Yes, I get the feeling we are all being punished. There is a religious vibe to it, as well as a strict parent vibe. We are being judged, and judged harshly, for needing food, shelter and healthcare. And we were set up, Daddy gave us an extra dollar on purpose to see what we’d do with it and since we spent it on things he didn’t like, we have to give it back, with interest. And he really likes that part, taking money from his kids, to teach them a lesson.
When I think of southern Europe, I don’t think of large gleaming cities with acres of corporate jobs and financiers. Sure, there are some cities like that - Milan, for instance, and likely Madrid, Barcelona and the capitols. But the products of southern Europe, the jobs and the national incomes come largely from sources other than exports, banking and corporate jobs, incomes that are based on more volatile sources like tourism.*
Germany is a different type of economy, historically more industrial than rural. This is similar to the rural vs. urban divide in the US, with different needs and opportunities.

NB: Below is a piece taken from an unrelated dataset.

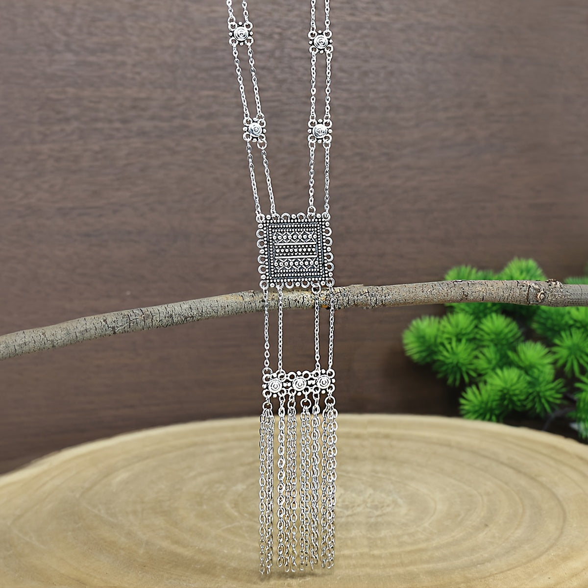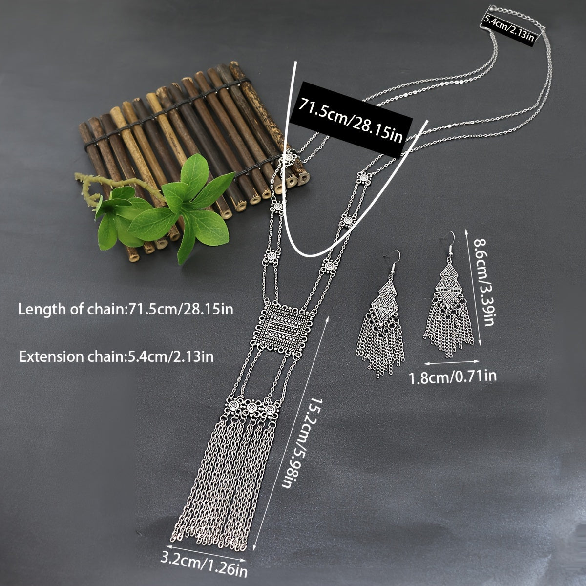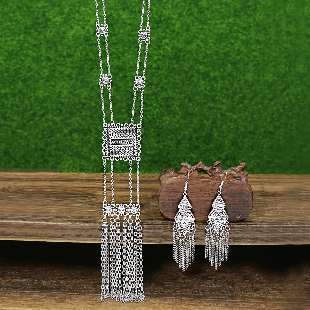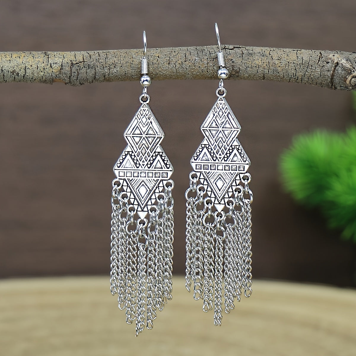 Ayollar etnik uslubdagi zargarlik to'plami, geometrik taqinchoq va tassel sirg'alar bilan

Anyone not living in a city has little chance to work in a career that is well-paid, with a secure future and an upward track, that American Dream article of faith. The financiers have sold off the factories and farms in the hinterlands and bought up all the small competitors in the fly-over states. The only jobs left are hourly jobs at the corporate stores, like WalMart, at minimum wages, ridiculous hours and no benefits. Is that Protestant penance enough for them?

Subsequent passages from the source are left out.